Asymmetric High-Flow Nasal Cannula During Pulmonary Rehabilitation in COPD
NCT07497230 · Status: COMPLETED · Phase: NA · Type: INTERVENTIONAL · Enrollment: 30
Last updated 2026-04-01
Summary
This randomized pilot trial evaluated the feasibility and preliminary effects of using asymmetric high-flow nasal cannula (A-HFNC) during exercise-based pulmonary rehabilitation (PR) in patients with chronic obstructive pulmonary disease (COPD). Thirty patients were randomly assigned to conventional PR or PR supplemented with A-HFNC during aerobic training, completing 12 supervised sessions. The study assessed whether A-HFNC could be safely and acceptably incorporated into PR, and whether it enabled higher training intensity and improved exercise performance.
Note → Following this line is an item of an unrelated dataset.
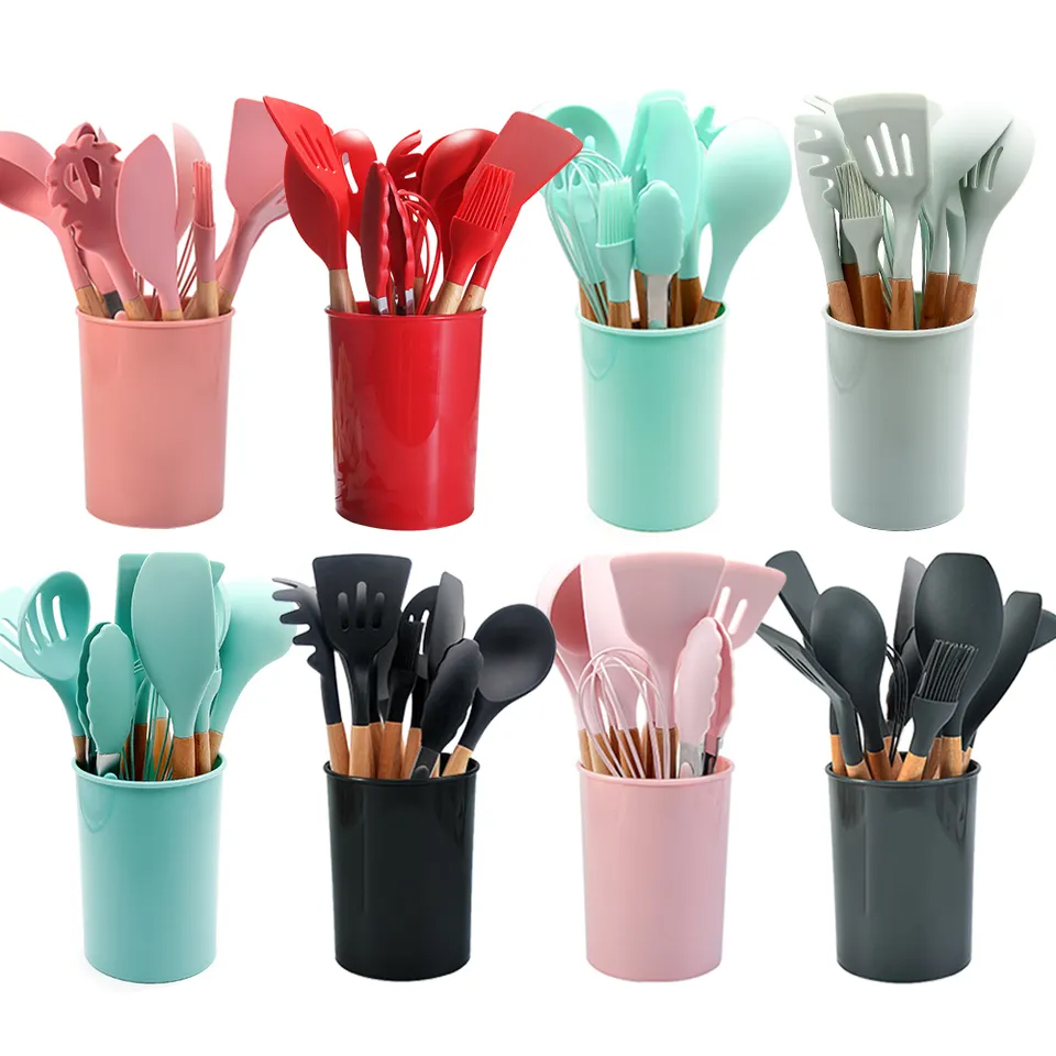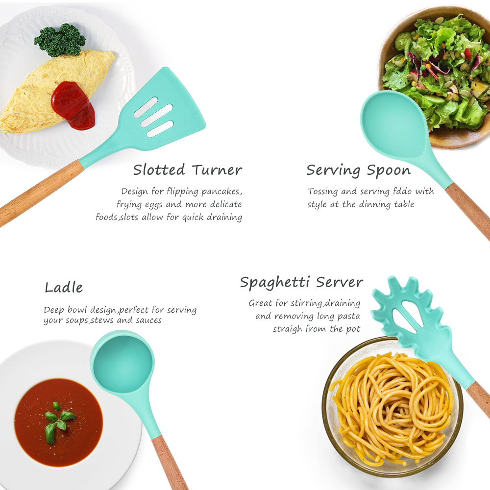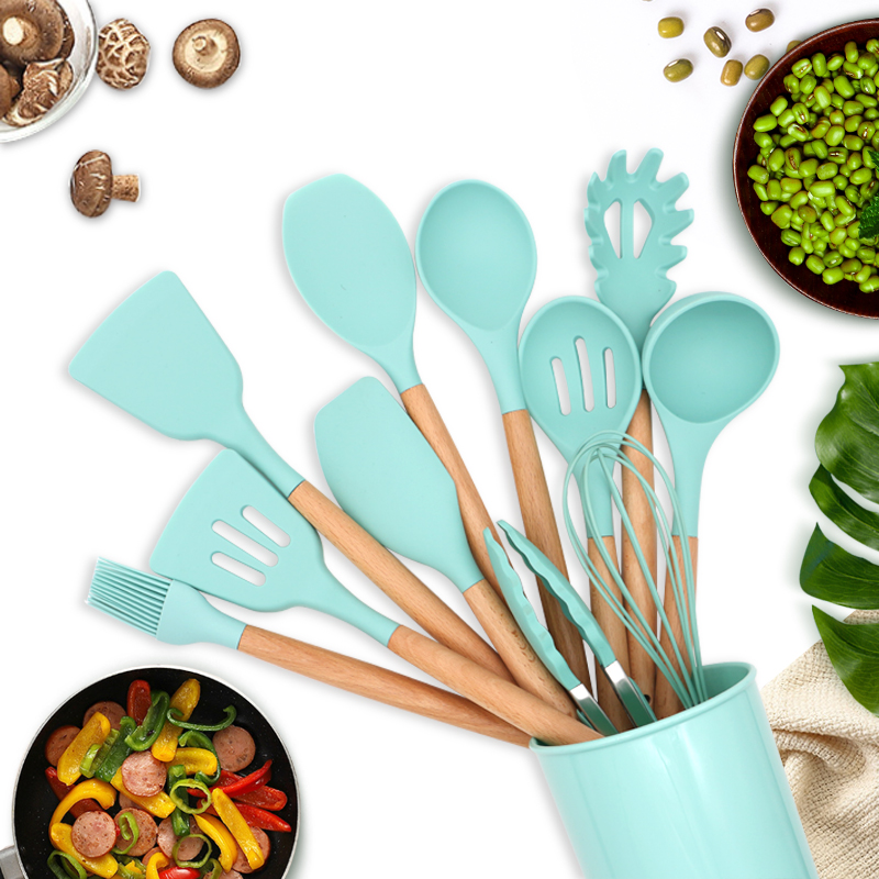| Product Name | PRIVATE LABEL WHOLESALE WOOD SILICONE KITCHEN ACCESSORIES COOK UTENSILS SET |

Results showed that the intervention was feasible and safe, with 83% adherence in both groups and no adverse events. Patients in the A-HFNC group trained at significantly higher treadmill inclination and showed a clinically meaningful trend toward greater improvement in maximal exercise tolerance. These findings support the design of a larger definitive trial.
Conditions
- Pulmonary Disease, Chronic Obstructive (COPD)
- Dyspnea
- Exercise Tolerance
- Rehabilitation
Interventions
- DEVICE
-
Asymmetric High-Flow Nasal Cannula (A-HFNC)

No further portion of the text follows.